* _Goal of the exercise_:
The answer must consist solely of the lines below starting at the one containing "9.7 | 7.2 ± 0.7 | |||" and ending at the one containing "O encontro reuniu", repeated exactly, with both ends included and all pictures omitted.

* _Data extracts_:
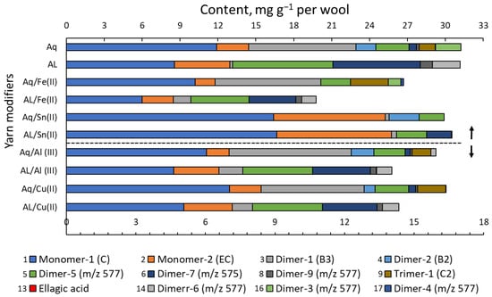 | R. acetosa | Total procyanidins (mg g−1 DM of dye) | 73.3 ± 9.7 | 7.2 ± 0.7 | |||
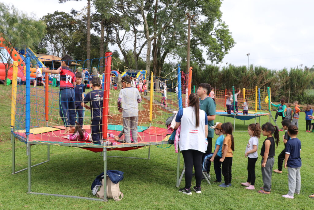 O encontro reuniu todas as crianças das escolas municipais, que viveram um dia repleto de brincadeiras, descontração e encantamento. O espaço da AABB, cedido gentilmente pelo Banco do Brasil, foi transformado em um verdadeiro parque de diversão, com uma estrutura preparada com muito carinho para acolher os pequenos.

* * *

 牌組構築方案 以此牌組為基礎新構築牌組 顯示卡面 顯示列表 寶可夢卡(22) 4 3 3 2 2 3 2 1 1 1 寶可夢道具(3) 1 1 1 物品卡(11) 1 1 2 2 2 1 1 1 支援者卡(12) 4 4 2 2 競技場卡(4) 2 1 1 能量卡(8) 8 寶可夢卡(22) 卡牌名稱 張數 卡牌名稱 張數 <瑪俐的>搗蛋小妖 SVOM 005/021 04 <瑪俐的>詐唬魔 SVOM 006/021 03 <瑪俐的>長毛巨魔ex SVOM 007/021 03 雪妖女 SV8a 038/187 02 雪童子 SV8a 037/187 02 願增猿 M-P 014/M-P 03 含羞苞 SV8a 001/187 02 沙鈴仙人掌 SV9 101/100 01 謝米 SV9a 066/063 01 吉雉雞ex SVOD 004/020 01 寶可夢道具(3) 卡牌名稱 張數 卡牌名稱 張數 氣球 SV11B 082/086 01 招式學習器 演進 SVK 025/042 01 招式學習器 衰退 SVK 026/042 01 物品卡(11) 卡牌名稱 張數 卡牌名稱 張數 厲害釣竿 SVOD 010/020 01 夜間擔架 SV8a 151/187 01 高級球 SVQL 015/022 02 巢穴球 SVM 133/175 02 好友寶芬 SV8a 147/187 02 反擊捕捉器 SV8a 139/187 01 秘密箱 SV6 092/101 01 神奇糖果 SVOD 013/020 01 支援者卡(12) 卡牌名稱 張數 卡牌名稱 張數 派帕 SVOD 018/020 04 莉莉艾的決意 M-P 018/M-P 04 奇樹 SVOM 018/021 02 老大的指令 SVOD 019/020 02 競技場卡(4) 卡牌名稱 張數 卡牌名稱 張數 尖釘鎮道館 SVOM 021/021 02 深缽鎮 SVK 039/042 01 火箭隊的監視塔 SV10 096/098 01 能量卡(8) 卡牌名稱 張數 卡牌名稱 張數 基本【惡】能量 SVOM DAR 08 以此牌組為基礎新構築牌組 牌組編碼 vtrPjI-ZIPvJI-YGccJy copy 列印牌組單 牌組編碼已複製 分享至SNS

* _Worked solution_:
 | R. acetosa | Total procyanidins (mg g−1 DM of dye) | 73.3 ± 9.7 | 7.2 ± 0.7 | |||
 O encontro reuniu todas as crianças das escolas municipais, que viveram um dia repleto de brincadeiras, descontração e encantamento. O espaço da AABB, cedido gentilmente pelo Banco do Brasil, foi transformado em um verdadeiro parque de diversão, com uma estrutura preparada com muito carinho para acolher os pequenos.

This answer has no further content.